I think that they do know that they're treating others badly, at least my husband's ex wife does. She doesn't often acknowledge when she's been caught in a lie or abusive behavior - but when she does she just laughs it off, like OF COURSE she was going to behave badly and she deserves to treat people this way. Even when shown repeatedly that her bad behavior is having an extreme negative effect on her own children, she continues and never expresses any kind of remorse.

But, I also think many PDs don't really have the capacity to change. No one taught them healthy interpersonal skills. She does things that harm her own self-interest, over and over. And she has the same three reactions to it (try to charm people into doing what she wants, try to bully people into doing what she wants, and ignore it altogether). Although she is a genius at manipulation, once you see what she is doing, it's easy to resist. It's clear how badly she wants things to go her way . I really do believe that if she had the capacity to act differently in a way that got her more of what she wants, she would do so. So, my conclusion is that she can't really help it in some ways. But I don't think she'd change her actions if she suddenly had an epiphany of how terrible she's being - she would only change it in order to get more of what she wants.

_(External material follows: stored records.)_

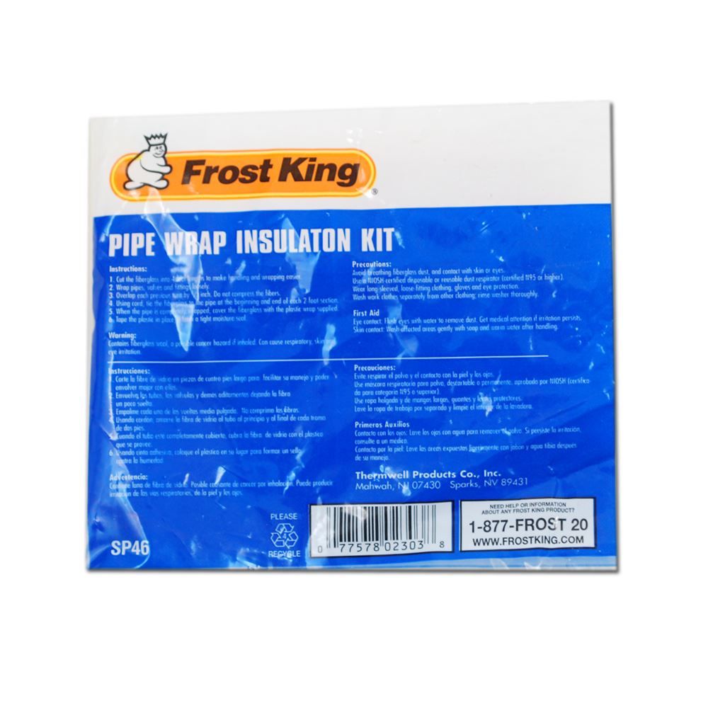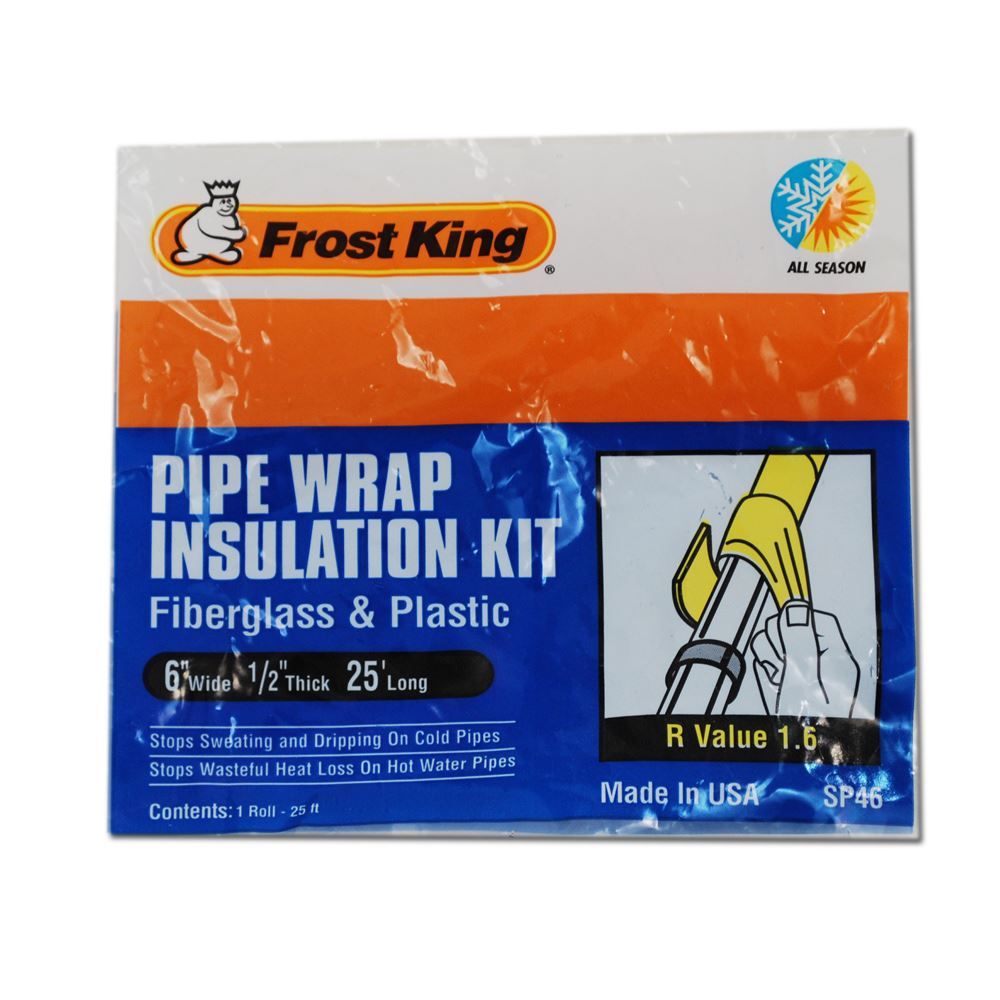 Frost King Fiberglass Pipe Wrap Installation Kit is a simple effective way to insulate pipes of all diameters. Can be used for overwrapping electric heat cables to prevent water pipes from freezing.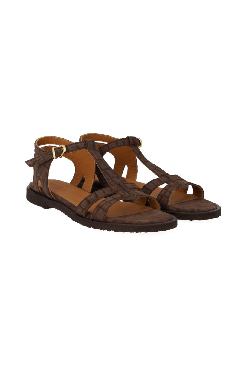 Angulus W Classic Strappy Sandal Brown Croco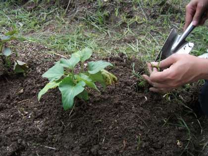 2年生の花壇では,サツマイモ以上に雑草が育っていました。水やりと共に,雑草抜きも大切な手入れですね。
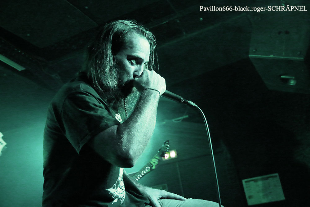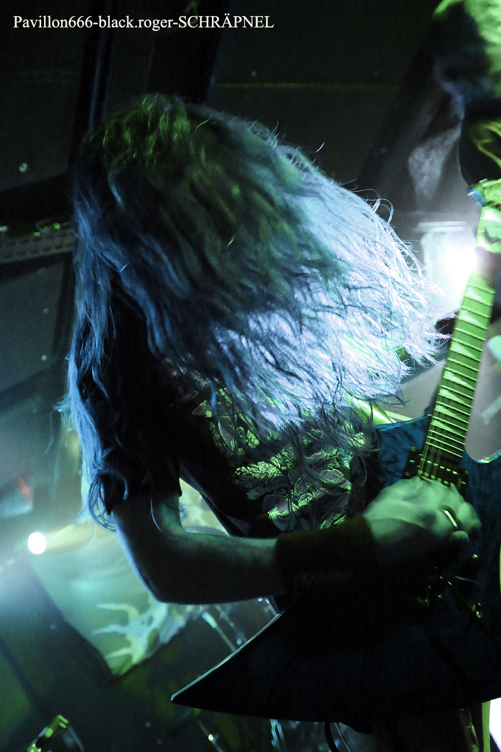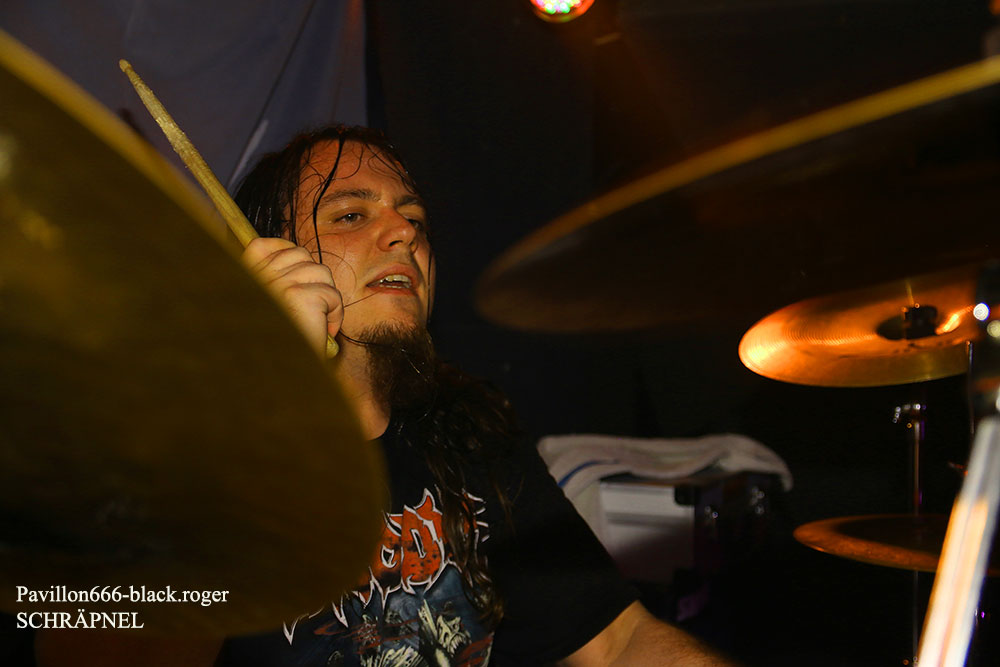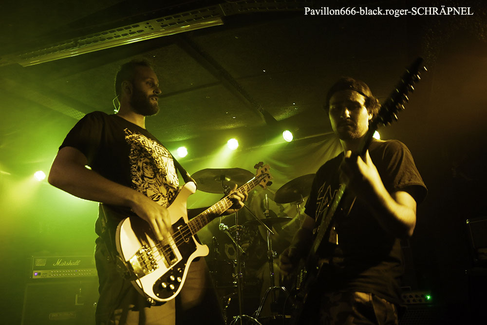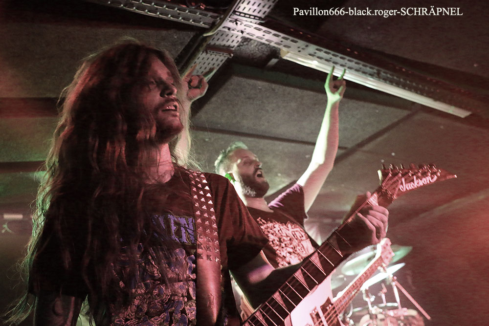 Tout d’abord, il est à peine 21 heures lorsque les Grenoblois de SCHRÄPNEL montent sur les planches afin de nous mettre un direct « in your face » sans compromis, sans faux-semblant. Leur brutal thrash ne fera pas de prisonniers ce soir le public déjà bien chaud ne pouvant s’échapper des lieux, fasciné qu’il est par les brûlots envoyés à bout portant. Car ne vous y trompez pas ce thrash là s’est laissé sodomisé par du death sans foi ni loi.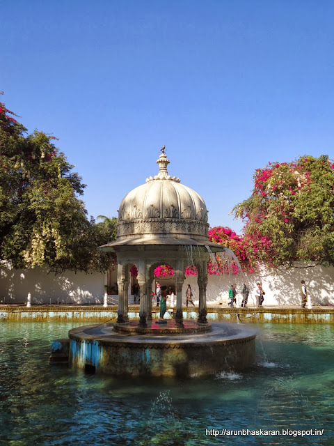 പക്ഷേ എല്ലാ ഭംഗികളും എല്ലാവര്ക്കും ആസ്വദിക്കാൻ കഴിയില്ലല്ലൊ. ദൂരെക്കാണുന്ന മനോഹരമായ ലേക് പാലസ് ഇന്നൊരു ആഡംബര ഹോട്ടലാണ്. തടാകത്തിന്റെ നടുവിൽ വെണ്ണക്കല്ലുകൊണ്ട് ഒരുക്കിയ അത്തരം ഭംഗികള് ദൂരെനിന്ന് കണ്ട് കൊതി തീര്ക്കുക മാത്രമേ ഞങ്ങൾക്ക് ചെയ്യാനുണ്ടായിരുന്നുള്ളൂ. അന്തപ്പുരത്തിലെ രാജകുമാരിമാർക്കും വെപ്പാട്ടിമാർക്കും വേണ്ടി ഭരണാധികാരികൾ മെനഞ്ഞെടുത്ത ഒരു ഉദ്യാനത്തിലേയ്ക്ക് പക്ഷേ ഞങ്ങൾ പിന്നീട് ചെന്നു. കൊട്ടാരത്തിൽ നിന്നുമകലെയുള്ള സഹേലിയോം കി ബാരി എന്ന കന്യകമാരുടെ ഉദ്യാനം പച്ചപ്പ് നിറഞ്ഞതും മനോഹരവുമാണ്.അവിടത്തെ പുറം ചുവരുകളിൽ നിറപ്പകിട്ടുള്ള ചിത്രങ്ങൾ കാണാം. കൈ കൊട്ടുന്നതിനനുസരിച്ച് ജലധാര നിയന്ത്രിച്ച് അവിടത്തെ കാവൽക്കാർ വിദേശയാത്രികരെ അമ്പരപ്പിക്കുന്നത് കണ്ടു.

Although that does allow me to feel some empathy - and, in my very kindest moments, even feel sorry for her - it doesn't mean that I can let my boundaries down. And it doesn't mean that the harm she causes is real. So then you're back to, well in terms of behavior it's a moot point.

p123

Quote from: GentleSoul on January 13, 2020, 12:02:07 PM
I am sure my uPD mum knew what she was doing was nasty but I think she felt she had the right to do it.

I am also sure my uPD husband knows too.  What he does is claim he doesn't remember.  He makes out he has a Jerkyl and Hyde thing going on and can't remember the nasty stuff he does!  Which personally I think is a load of utter rubbish.   He also uses his illness as an excuse, also rubbish!

It's not that he feels sorry, he doesn't want to take responsibility.

I would 2nd that entitlement thing. His excuse is often he does it because thats just him "you know me if I've got something to say I've got to say it".....

And of course "well I am 86, so thats the way it is".